The mortgage was executed by one Daniel Greene, as the agent of the Union Steam Mill Company, said company being a manufacturing corporation, conveying to the plaintiff below certain lands, with a woollen mill and other buildings, with the machinery in said mill, &c. And the incorporating act and several acts amendatory thereto were read in evidence. And also a deed from William P. Salisbury to the said Greene, dated the 18th May, 1837, conveying all his interest in the real and personal property of the Union Steam Mill Company.
And it was proved that Daniel Greene, who executed the deed first aforesaid, was, and had been from the time of the formation of said company, the general agent, and, as such, had made all purchases and sales for the company; and that the deed was executed by him with the consent and authority of said company: and also by and with the consent and authority of the persons who, at the time of the execution thereof, were members of said company.
The Court decided that the said corporation was not so proved as to entitle the deed to be read to the jury as the deed of the said corporation; but that the deed was good to convey a valid title to the articles named in the writ of replevin. To this decision the counsel for the defendant excepted.

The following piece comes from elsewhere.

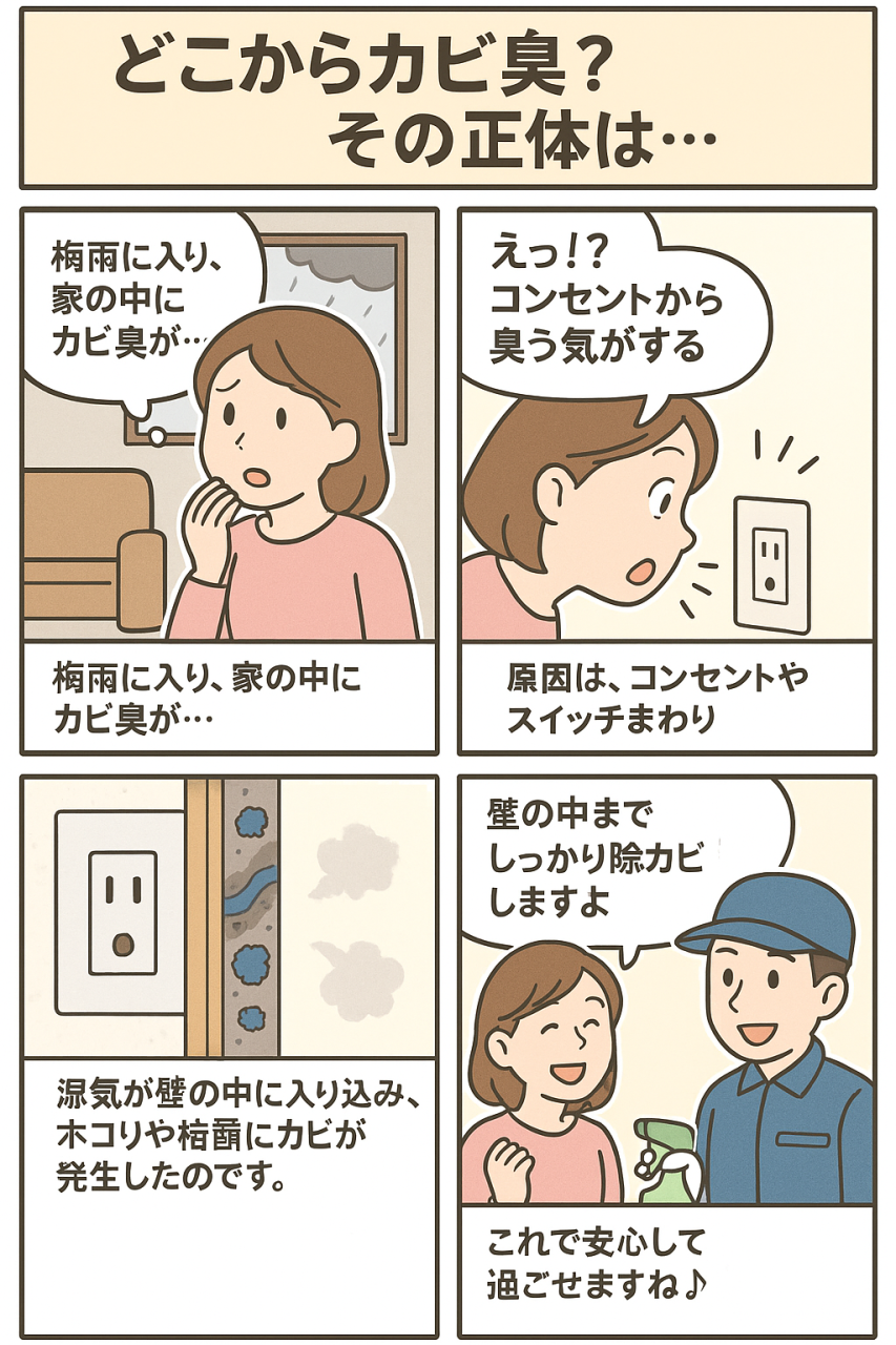 梅雨の室内に潜むカビ臭の正体──コンセント・スイッチから漂う異臭をMIST工法®で解決!

And it was further objected to said deed, that it did not appear that the same had been recorded prior to the defendant's levy on the articles by the writ of replevin, in conformity to the statute on the subject. The counsel for the plaintiff produced and read to the Court an endorsement on the back of said deed, signed by the clerk of the town of East Greenwich, in the words and figures following, to wit: "Lodged in the town clerk's office, to record, Nov. 20th, 1837, at 5 o'clock P.M., and recorded same day in the records of mortgages in East Greenwich, book No. 4, &c."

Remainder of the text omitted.